FIG. 1 is an overall configuration diagram of a cooling device showing a first embodiment of the present invention.

FIG. 2 is a vertical sectional front view of the cooling unit according to the embodiment.

FIG. 3 is a vertical sectional front view of a cooling unit according to a second embodiment of the present invention.

FIG. 4 is a vertical sectional front view of a cooling unit according to a third embodiment of the present invention.

[Explanation of symbols]

DESCRIPTION OF SYMBOLS 1 ... Mold main body, 7 ... Core main body, 10a, 10b ... Cooling unit, 12 ... Cooling hole, 14 ... Wick, 29 ... Refrigerant tank, 31 ... Heat exchanger.

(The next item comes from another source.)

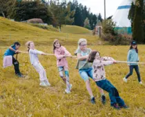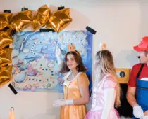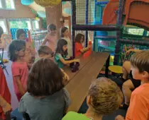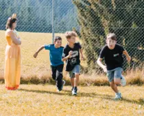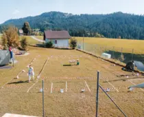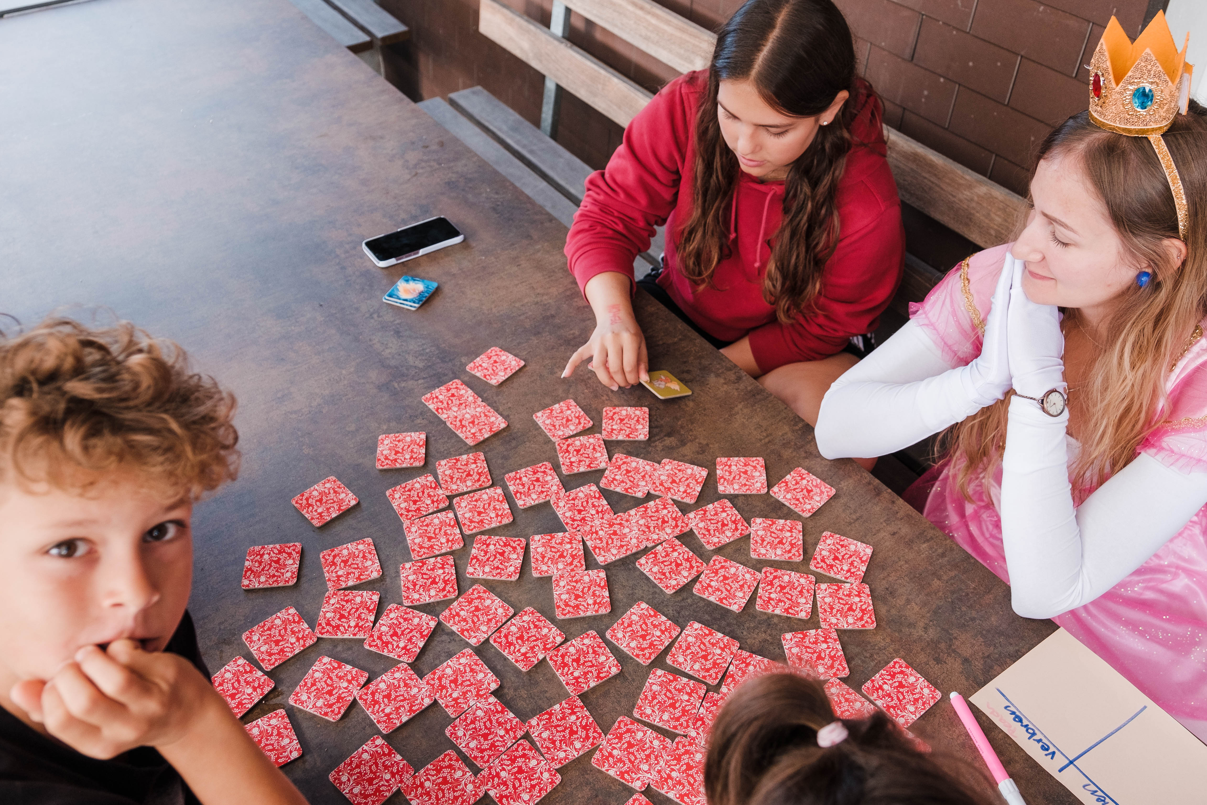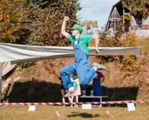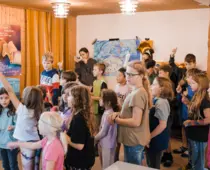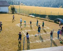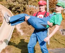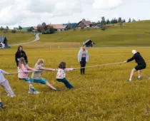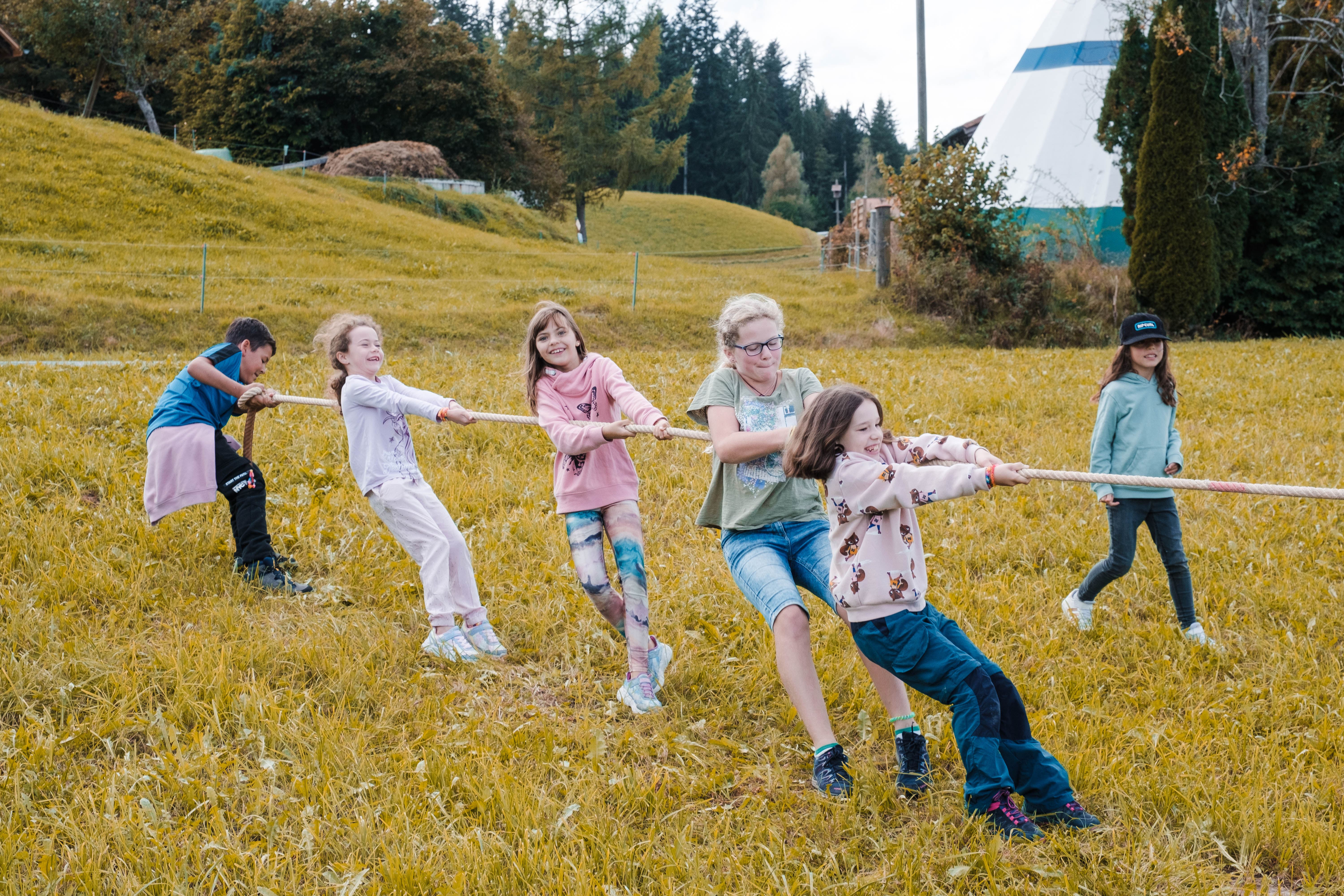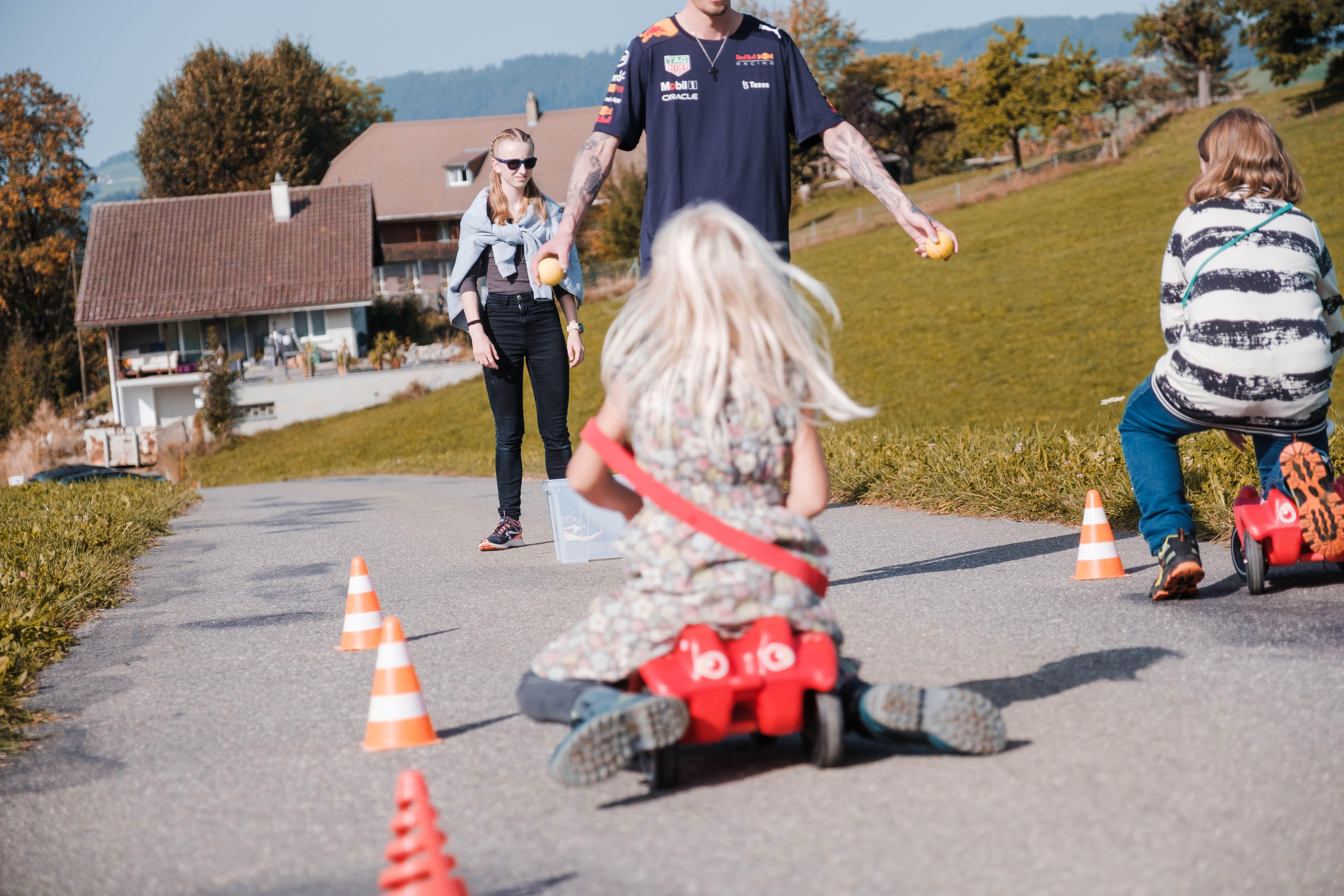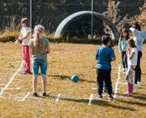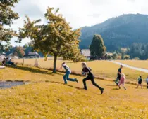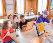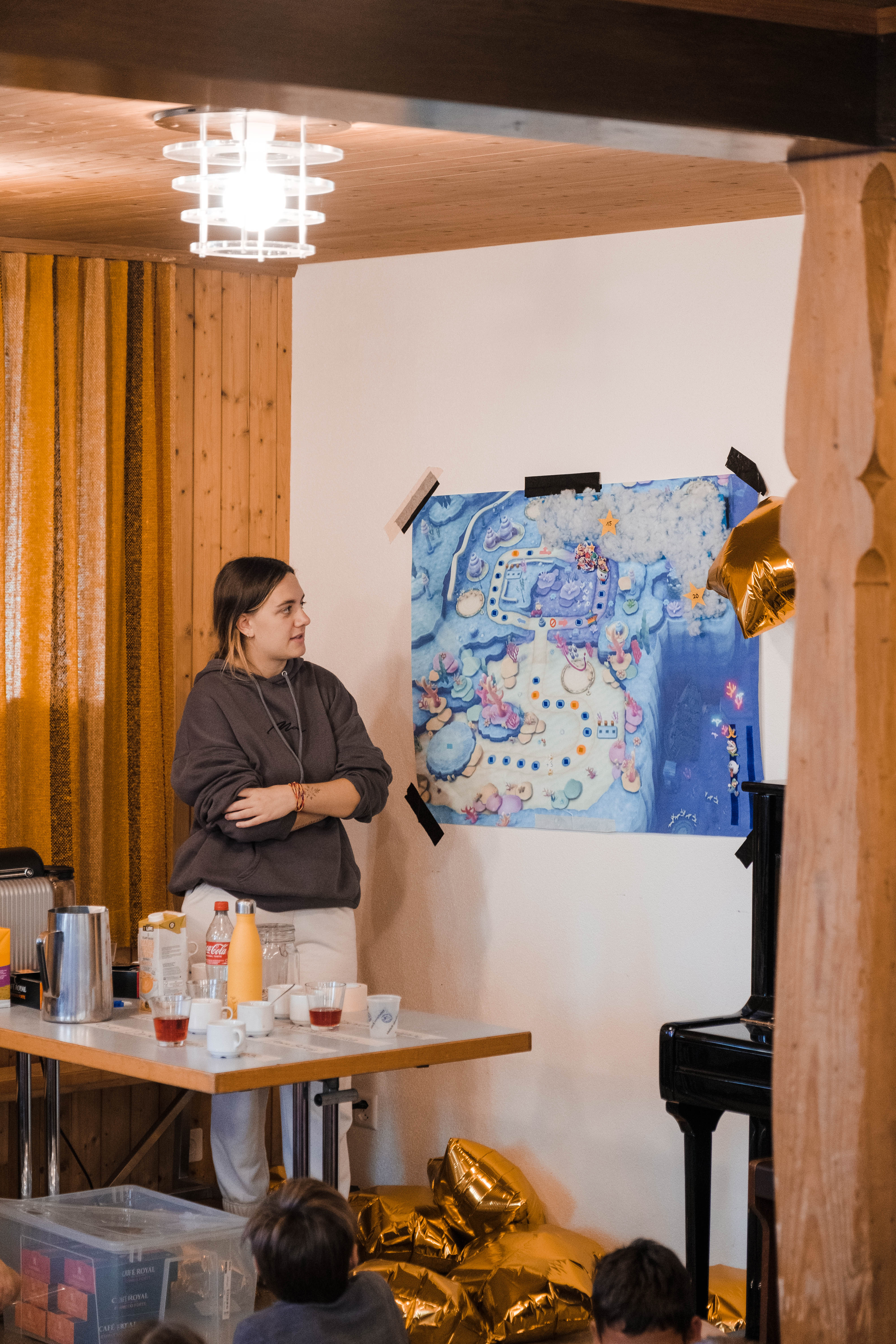 Am Morgen war jedoch erstmal freies Spiel angesagt. Die Kinder durften die Zeit für sich nutzen, einige übten bereits fleissig für den bunten Abend. Zum Z'mittag gab es feine Lasagne; das perfekte Gericht für den bevorstehenden Endkampf. Dieser fand wenige Stunden später auf der grossen Spielwiese statt. Es handelt sich um ein XXL Monopoly Geländespiel, jedoch in abgeänderter Form. Während die vier Teams der Kinder klassisch Strassen kaufen und vervollständigen können, kann Bowser diese Felder verändern. So erscheint auf einem Feld plötzlich die fleischfressende Pflanze oder ein Kettenhund, welche den Kindern die Münzen stehlen. Oder ein Team muss eine ganze Runde für Bowser spielen, und die gesamten Einnahmen an ihn überreichen. Schnell verstanden die Kids, dass sie zwar in vier Gruppen eingeteilt wurden, allerdings zusammenspielen und verhandeln müssen, um den gemeinsamen Feind Bowser zu besiegen. Indem die Teams schlau verhandelten und gezielt ihre Häuser bauten, konnte der Münzbestand von Bowser immer schneller abgebaut werden. Nach einer Stunde war dieser völlig bankrott und musste sich geschlagen geben. Der Jubel war gross und die gesamten Super Mario Figuren waren unendlich dankbar.

─────────────────────────────────────────────────── ─── Continuation of the front page (51) Int.Cl. ⁶ Identification code Office reference number FI technical display location F25D 9/00 D F28D 15/02 101 K

Claims (5)

[Claims] 1. A member to be cooled, a coolant supply source provided outside the member to be cooled, a pressure reducing device also provided outside the member to be cooled, having a pressure control function, and the heated member to be cooled. The liquefied refrigerant supplied from the refrigerant supply source provided in the member is vaporized by the decompression device,
A cooling device comprising: a cooling unit that cools the member to be cooled by the heat of vaporization; and a heat exchanger that cools the liquefied vaporized refrigerant vaporized by the cooling unit to liquefy it and return it to the refrigerant supply source. . 2. The cooling device according to claim 1, wherein the refrigerant supply source is a refrigerant tank whose pressure is reduced by a pressure reducing device. 3. The cooled member is a molding die,
The cooling device according to claim 1, further comprising a cooling unit near the cavity filled with the hot melt resin. 4. The cooling device according to claim 1, wherein the cooling unit is a wick that is set in a cooling hole provided in a member to be cooled and that allows a liquefied refrigerant to permeate by a capillary phenomenon. 5. The cooling device according to claim 1, wherein a plurality of the cooling units are provided on the member to be cooled and are communicated with each other through a refrigerant flow passage connected in series or in parallel.